Вот какие были ответы Ивана Ермолаевича на мои разглагольствия о «ихней пользе». Такой неустанный труженик не знал, куда, кому и зачем он платит, не имея никакого понятия о земстве, о выборе в гласные и т. д. Твердо был уверен, что все это до него ни капли не касается. О ссудосберегательном товариществе ровно ничего не понял из всех моих рассуждений и только заметил: «Брать-то хорошо, а вот отдавать-то как?.. Свяжешься… Бог с ним совсем». А когда я указывал на кулака, который берет и отдает и выгоду имеет, то Иван Ермолаевич говорил: «Ну, пес с ним… там уж это ихний расчет… А то свяжешься – не развязаться»…

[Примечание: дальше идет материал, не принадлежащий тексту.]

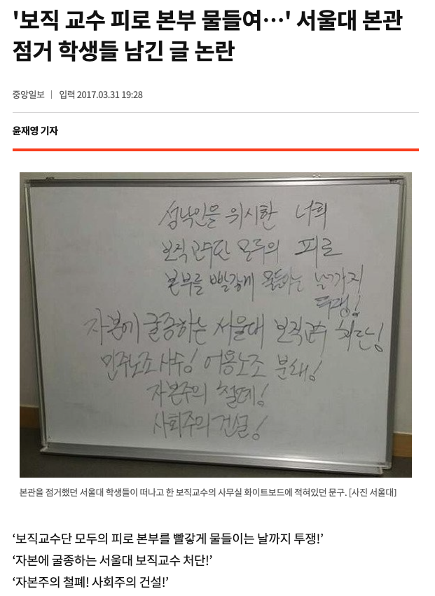 서울대 본부점거 당시 '성낙인을 위시한 너희 보직교수단의 피로 본부를 빨갛게 물들이는 날까지 투쟁! 자본에 굴종하는 서울대 보직교수 처단! 민주노조 사수! 어용노조 분쇄! 자본주의 철폐! 사회주의 건설!'을 외치는 섬뜩한 문구가 본부점거 장소에 적혀 있어서 논란이 되기도 했습니다.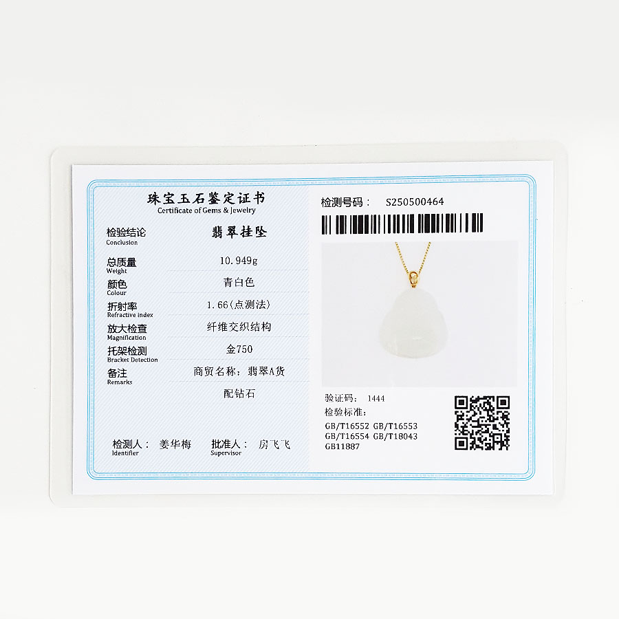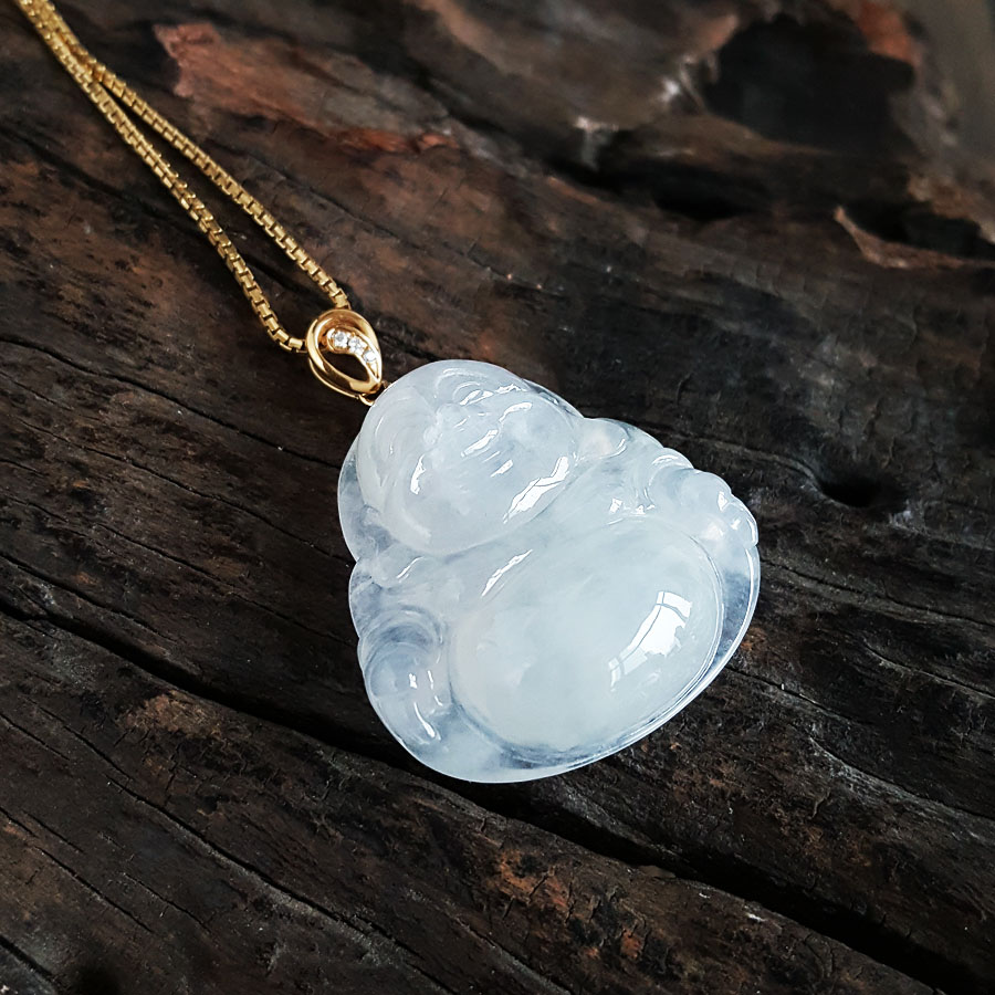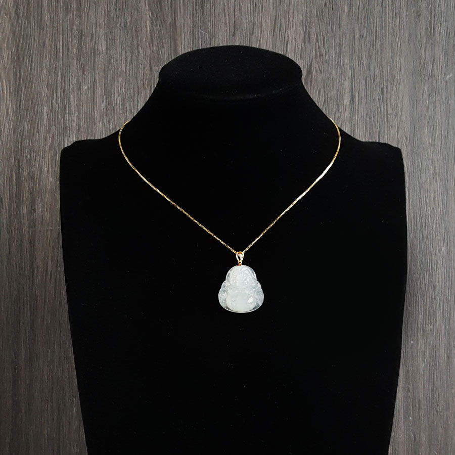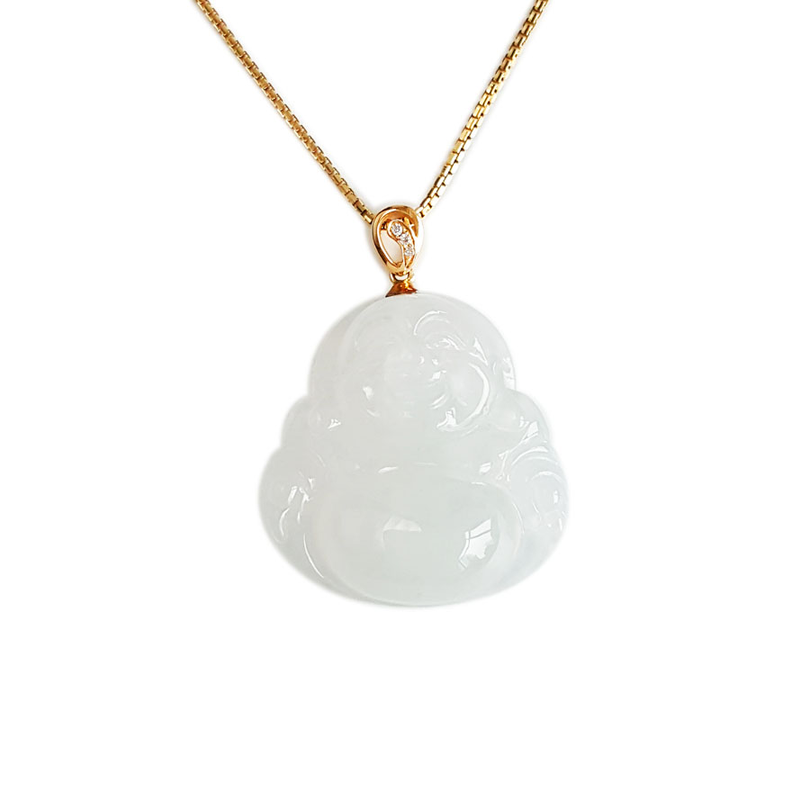 名称 | AU750黄金镶钻镶天然冰种佛公翡翠(平安、吉祥)吊坠项链 |

Однажды он меня поразил самым неожиданным образом в разговоре об общественных крестьянских должностях[5]:
– Все они (выборные) – народ ненадежный… Покуда живет крестьянством – ничего, а как выбрали в должность – чистая делается собака. Как присягу принял, точно в зверя оборачивается… По мне, так я, кажется, за миллион на это не согласился бы.
– На что?
– Например, принять присягу волостную. Я однова слушал, так обмер начисто. Как зачал поп вычитывать – «от отца, от матери отрекись, от братьев, сестер отрекись, от роду и племени откажись» – волоса у меня на макушке даже поднялись дыбом. Перед богом! Уж который человек таким манером себя проклял, так он от этого самого не иначе делается, как злодеем.
Такой взгляд на присягу несказанно меня удивил. Удивил он меня немало и в другой раз, когда я случайно застал его, как он учил своего сынишку молитвам. Иван Ермолаевич в бога верил крепко, непоколебимо крепко, близость бога ощущал почти до осязания, а молитвы читал по-своему: «Верую во единого бога отца, – учил он сынишку, – и в небо и землю. Видимо невидимо, слышимо неслышимо. Припонтистился еси, распилатился еси…»[6]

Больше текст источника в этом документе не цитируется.